Revenue was £0.2 million for the three months ended 30 April 2019 compared to £3.9 million for the three months ended 30 April 2018. This decrease was principally due to the reduction in revenue related to the Sarepta licence and collaboration agreement following the Group’s decision to discontinue development of ezutromid in June 2018. Revenue recognised during the three months ended 30 April 2019 relating to the cost-share arrangement under the Sarepta agreement amounted to £0.1 million.

The Group also recognised £0.1 million of revenue during the three months ended 30 April 2019 relating to the receipt of a $2.5 million (£1.9 million) upfront payment in respect of the licence and commercialisation agreement signed with Eurofarma Laboratórios SA ('Eurofarma') in December 2017.

Other Operating Income

Other operating income was £4.9 million for the three months ended 30 April 2019, as compared to £3.5 million for the three months ended 30 April 2018. This increase resulted primarily from the recognition of operating income from Summit’s funding contract with BARDA for the development of ridinilazole, which was £4.6 million for the three months ended 30 April 2019 as compared to £3.3 million for the three months ended 30 April 2018.
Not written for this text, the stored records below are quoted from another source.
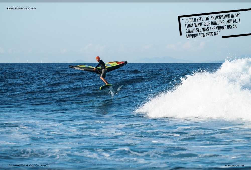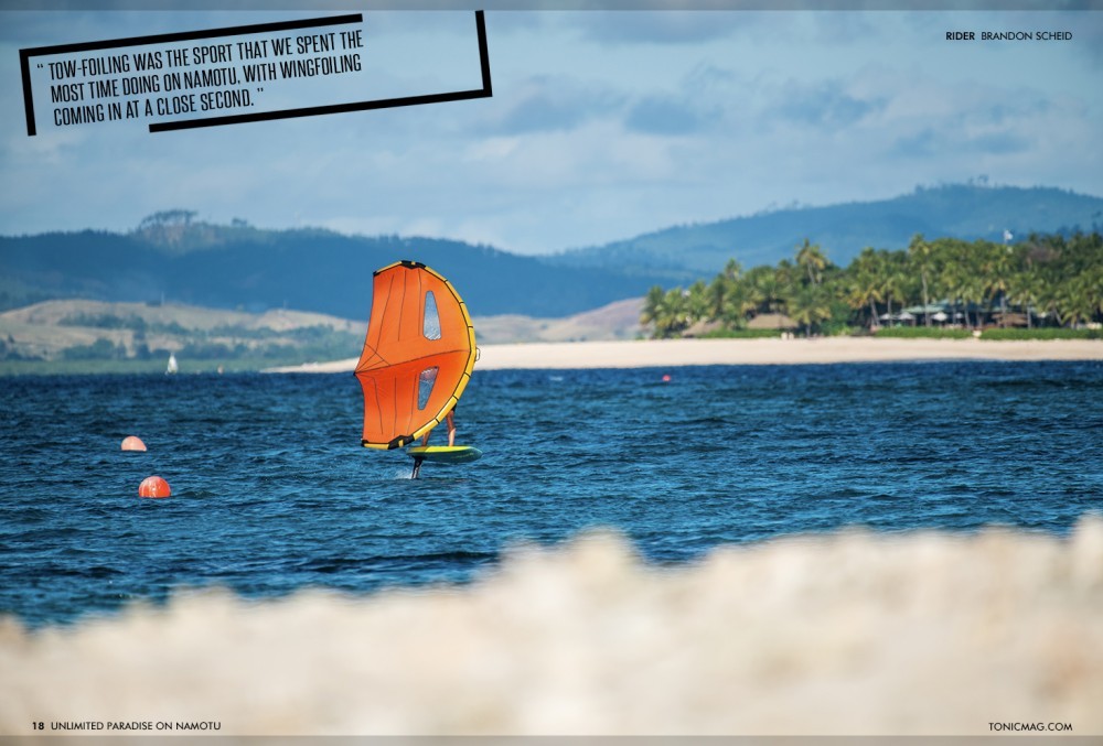 Tow-foiling happened right out in front of Namotu at the wave you could watch from the breakfast table, Namotu Lefts. And because we tow-foiled Namotu Lefts so much, when the wind came up, and it was time to wind-sport, we could wing with confidence over the sharp coral, having practised our turns and gotten to know the wave relatively well on the wing foil.
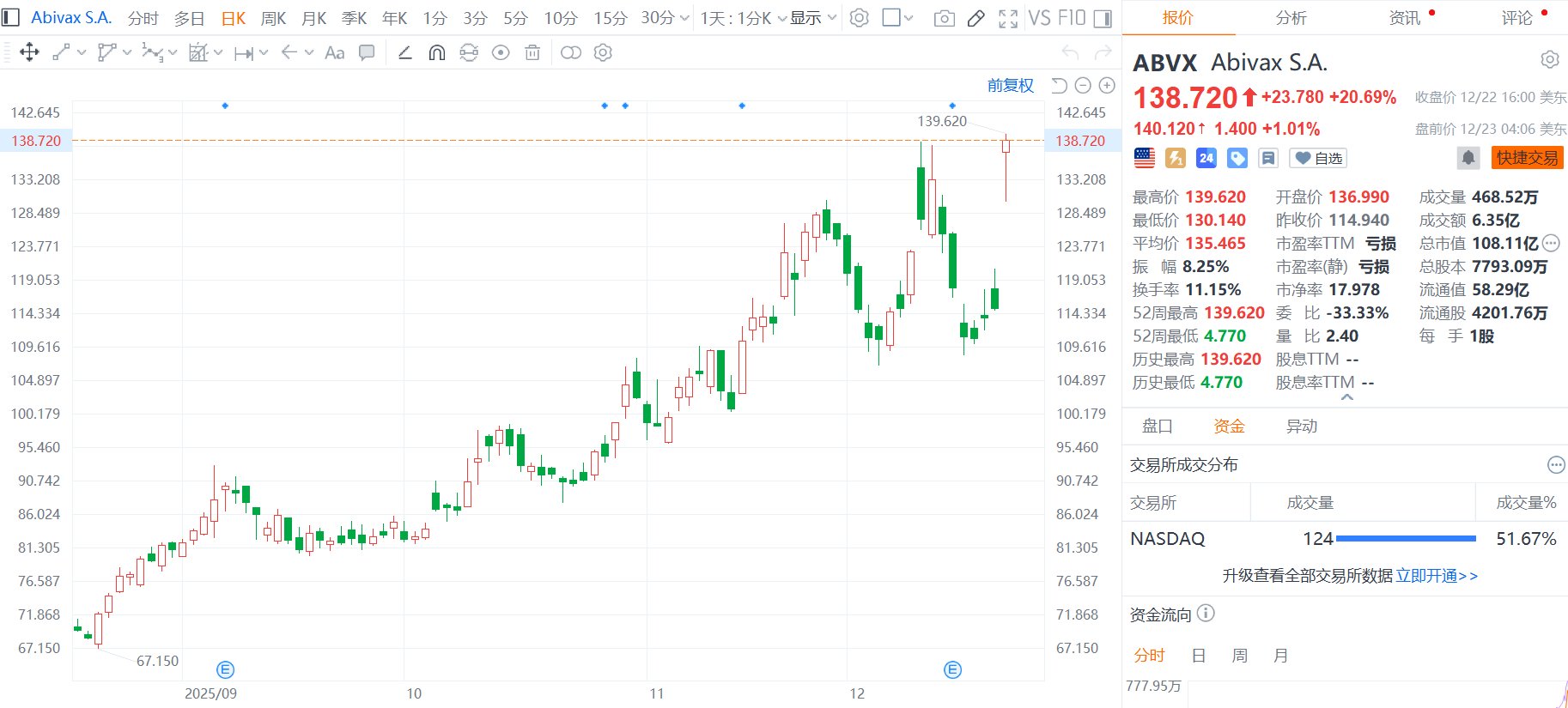 | | | ■ Abivax S.A. 分时 多日 日K 周K 月K 季K 年K 1分 3分 5分 10分 15分 30分 v 1天:1分K ▽显示 ▽ ② | | | | --- | --- | --- | --- | --- | | : # | 日ののかない 盛い HV ← × Aa ロ < の 受 ○ 回 | 0 @ | | | | 142.645 | | | | 139. | | 138.720 | | | | | | 133.208 | | | | | | 128.489 | | | | | | 123.771 | | | | | | 119.053 | | | | | | 114.334 | | | | | | 109.616 | | | | | | 104.897 | | | | | | 100.179 | | | | | | 95.460 | | | | | | 90.742 | | | | | | 86.024 | | | | | | 81.305 | | | | | | 76.587 | | | | | | 71.868 | | | | | | 67.150 | 67.150 | | | ...
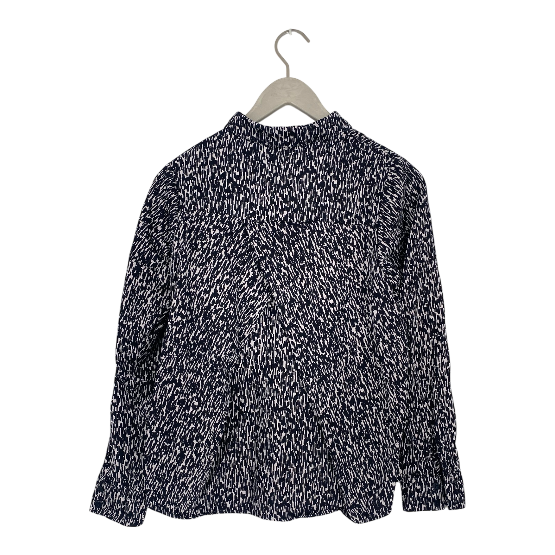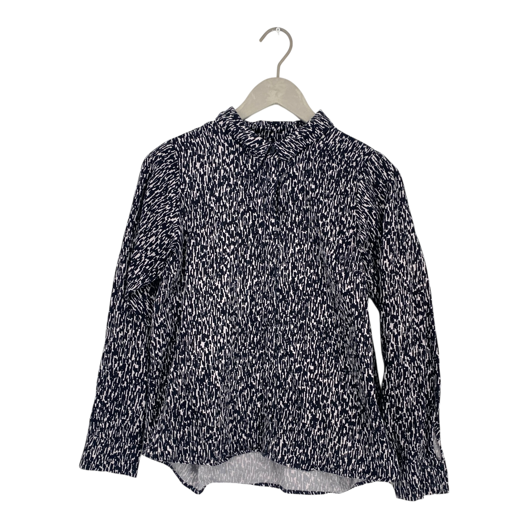 Papu women's lyocell button-up shirt with collar. Hidden buttons down the front. Long sleeves with slits and buttons on wrist band. Round neckline and shirt collars. Pleats on the back.
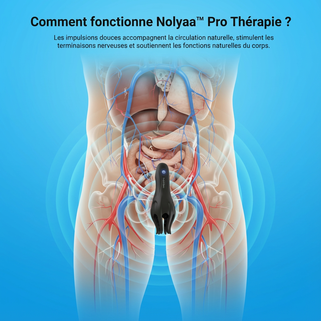 Nolyaa™ utilise une technologie de stimulation douce conçue pour accompagner naturellement la circulation et soutenir la vitalité masculine.
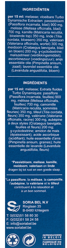 Bestaat uit plantenextracten (passiebloem, citroenmelisse, haver, valeriaan en hop) en essentiële olie (hop en citroenmelisse). De aanwezigheid van essentiële oliën is niet vermeld op het etiket, omwille van een zeer lage concentratie, maar wel aanwezig. Enkel maar leesbaar in de bijsluiter.

The Group also recognised operating income of £0.2 million during the three months ended 30 April 2019 related to the Group's CARB-X award supporting the development of SMT-571 for the treatment of gonorrhoea.

Operating Expenses

Research and Development Expenses

Research and development expenses decreased by £3.3 million to £8.3 million for the three months ended 30 April 2019 from £11.6 million for the three months ended 30 April 2018.

Expenses related to the CDI programme increased by £0.8 million to £5.8 million for the three months ended 30 April 2019 from £5.0 million for the three months ended 30 April 2018. This increase primarily related to clinical and manufacturing activities related to the Ri-CoDIFy Phase 3 clinical trials of ridinilazole that commenced in February 2019.
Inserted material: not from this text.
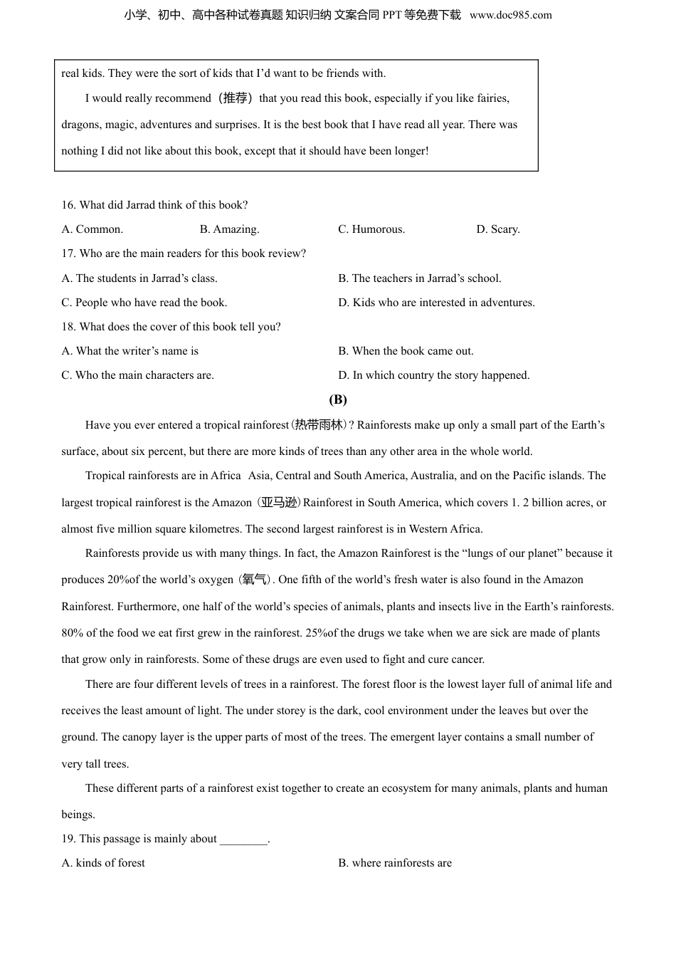 小学、初中、高中各种试卷真题知识归纳文案合同PPT等免费下载www.doc985.com宁波市2021年初中学业水平考试英语试题考生须知:1.全卷分试题卷I、试题卷II和答题卷。试题卷共8页,有6个大题,61个小题,满分为95分。考试时长为90分钟。2.请将姓名、准考证号分别填写在试题卷和答题卷的规定位置上。3.答题时,把试题卷I的答案在答题卷I上对应的选项位置用2B铅笔涂黑、涂满。将试题卷II答案用黑色字迹钢笔或签字笔书写,答案必须按照题号顺序在答题卷II各题目规定区域内作答,做在试题卷上或超出答题区域书写的答案无效。试题卷I一、完形填空(本题有15小题,每小题1分,共计15分)阅读下面短文,掌握大意,然后从A、B、C、D四个选项中选出最佳选项。Larryseemedalwayssilentanddidn’thaveanyfriend.HisteacherMr.Brown___1___this.Oneday,heaskedLarrytomeethimafterclass.Mr.Brownsaid,“Iseethatyoudon’ttalktoanyoneorshowany___2___inanything.What’swrong?”Larryreplied,“Sir,Ihaveavery___3___life.IhavetofacesomeverysadincidentsandIkeep___4___them.Becauseofthis,Ican’tfocusmyattentiononanythinganddon’tevenfeelliketalkingto___5___.”Mr.Brownlistenedcarefully,thoughtforawhileandsaid,“Wouldyoulikesomelemonade(柠檬汽水)?”Larryfeltalittle___6___andnervouslyreplied,“Yes,thankyou!”While___7___lemonade,Mr.Brownaddedmoresaltonpurposeandkeptthequantityofsugarlow.Larrymadea___8___faceassoonashedrankasipofthatlemonade.Seeingthis,Mr.Brownasked“Youdon’tlikeit?”“Um…it’sjustthereisabittoomuch___9___init,”Larryanswered.Mr.Brownstoppedhim,“Oh,itdoesn’tmatter.Iwillthrowitaway.”Astheteacherwasliftingtheglassto___10___,Larrystoppedhimandsaid,“Sir,pleasedon’tthrowitaway.___11___weputalittlemoresugarinthelemonade,itwillbefinetodrink.”Hearingthis,Mr.Brownsaid___12___,“ThisiswhatIwanttohearfromyou.Toimprovethe___13___oflemonade,wedon’tneedtoremovethesaltfromit,wecanjustaddsomesugartoit.Similarly,wecannotremovesadthingsthathave___14___happenedtous,butwecanaddsweetnessofgoodexperiencesinourlife.Ifyoukeeponcryingaboutyour___15___,neitheryourpresentwillberightnorthefuturewillbebright.”Larryrealizedhisproblemandpromisedtoliveapositivelife.小学、初中、高中各种试卷真题知识归纳文案合同PPT等免费下载www.doc985.com1.A.enjoyedB.noticedC.believedD.forgot2.A.fearB.angerC.interestD.politeness3.A.simpleB.difficultC.quietD.common4.A.lookingforB.learningfromC.laughingatD.thinkingabout5.A.anybodyB.somebodyC.everybodyD.nobody6.A.surprisedB.tiredC.boredD.shamed7.A.buyingB.cookingC.preparingD.drinking8.A.seriousB.friendlyC.patientD.strange9.A.sugarB.waterC.saltD.lemonade10.A.keepitawayB.takeitawayC.drinkitupD.useitup11.A.IfB.SinceC.AlthoughD.Unless12.A.bravelyB.coldlyC.happilyD.angrily13.A.tasteB.colorC.shapeD.smell14.A.neverB.alreadyC.nearlyD.seldom15.A.styleB.habitC.decisionD.past二、阅读理解(本题有15小题,每小题2分,共计30分)阅读下面材料,从每题所给的A、B、C、D四个选项中选出最佳选项。(A)BookreviewbyJarradOntheweekendIreadatotallyamazingbookcalledTheAdventures(历险记)ofSiegfriedandHannah.Itwassuchacoolbookbecauseitwasfullofmagicaljourneystomanymysteriouslands.Youneverknewwherethecharactersweregoingtoendupnext.ThemaincharactersareaboycalledSiegfriedandhislittlesisterHannah.Theyarealwaysreadyforamysteriousadventureeverytimetheystepouttheirdoor.Thebookcontainstwelveseparatestories.Iwon’tspoilitforyou,butwhatIlovedthemostwasthatthemaincharacterswerejustlike小学、初中、高中各种试卷真题知识归纳文案合同PPT等免费下载www.doc985.comrealkids.TheywerethesortofkidsthatI’dwantto...

Investment in the Group's antibiotic pipeline development activities was £0.7 million for the three months ended 30 April 2019 compared to £0.2 million for the three months ended 30 April 2018. This increase primarily related to preclinical development activities for SMT-571 for the treatment of gonorrhoea and the DDS-04 series for the treatment of Enterobacteriaceae infections.

Expenses related to the Duchenne muscular dystrophy ('DMD') programme decreased by £4.1 million to £0.1 million for the three months ended 30 April 2019 from £4.2 million for the three months ended 30 April 2018, as a result of the discontinuation of the development of ezutromid in June 2018. The Group does not expect to incur further significant cost for this programme.

Other research and development expenses decreased by £0.5 million to £1.7 million during the three months ended 30 April 2019 as compared to £2.2 million during the three months ended 30 April 2018, which was driven by a decrease in staffing and facilities costs reflecting implementation of cost-cutting measures following the decision to discontinue development of ezutromid in June 2018.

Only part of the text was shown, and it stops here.